Act I. Fiddling with knobs on a ventilator

Dear Riverton team,

Happy Wednesday! I have been thinking about the types of interventions I’ve seen have greatest impact since I became a doctor. As my view of medicine has broadened, I am seeing similar lessons across other specialties and I thought it might be helpful to share some reflections and ask your thoughts about how you’ve seen your areas evolve and where you’ve seen the greatest impact.

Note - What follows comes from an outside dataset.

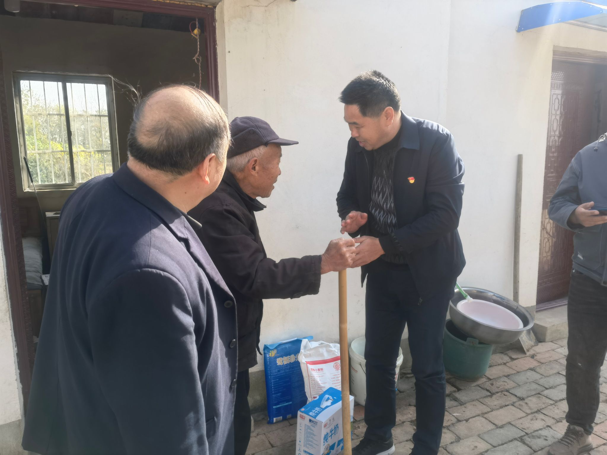 11月23日,机关一党委保卫处支部在支部书记杜文龙的带领下,前往学院定点帮扶单位阜阳市颍东区口孜镇王庄村和洪阳村开展支部活动,看望慰问困难群众,实地走访调研帮扶工作。

What makes the difference in medicine?

Fiddling with knobs on a ventilator, rapid response teams, and sepsis: a play in three acts

Act I. Fiddling with knobs on a ventilator

As a pulmonary critical care fellow, I always thought of the landmark ARDS study published in 2000 as the epitome of what can be achieved.  In this study, managing patients with acute respiratory distress syndrome, people who have very high mortality and can linger for days or weeks intubated in the intensive care unit, could live longer by receiving lower tidal volumes via the ventilator.  It was a remarkable observation.  The list of interventions which were tried, and failed, to improve the outcomes for patients with ARDS is long. But this strategy of consistently adhering to low tidal volumes improved survival. 

In the decades since, we have learned a lot about protocols and institutional culture, innovation dissemination, and local context. We all think we’re doing the right thing, but might not be.  Being really, really, really smart about ventilators may not be all that important, compared to having a system, a team, and a culture of team work and safety that adheres to these protocols in order to be able to ensure we are consistently treating our patients with this life saving ventilator strategy, and appropriately liberating them from the ventilator.

How can it be, and yet it most definitely IS, that one of the most important interventions for patients with ARDS is simply assessment, reassessment, and small adjustments?  Hardly anything more than “fiddling with knobs on the ventilator” is what helps us save lives!

  1. Ventilation with Lower Tidal Volumes as Compared with Traditional Tidal Volumes for Acute Lung Injury and the Acute Respiratory Distress Syndrome | NEJM https://www.nejm.org/doi/full/10.1056/NEJM200005043421801
  2. A prospective, controlled trial of a protocol-based strategy to discontinue mechanical ventilation – PubMed (nih.gov) https://pubmed.ncbi.nlm.nih.gov/14726421/
Comments
One Response to “Act I. Fiddling with knobs on a ventilator”
  1. Anonymous says:

    As Yogi Berra said, “You can see a lot just by watching.”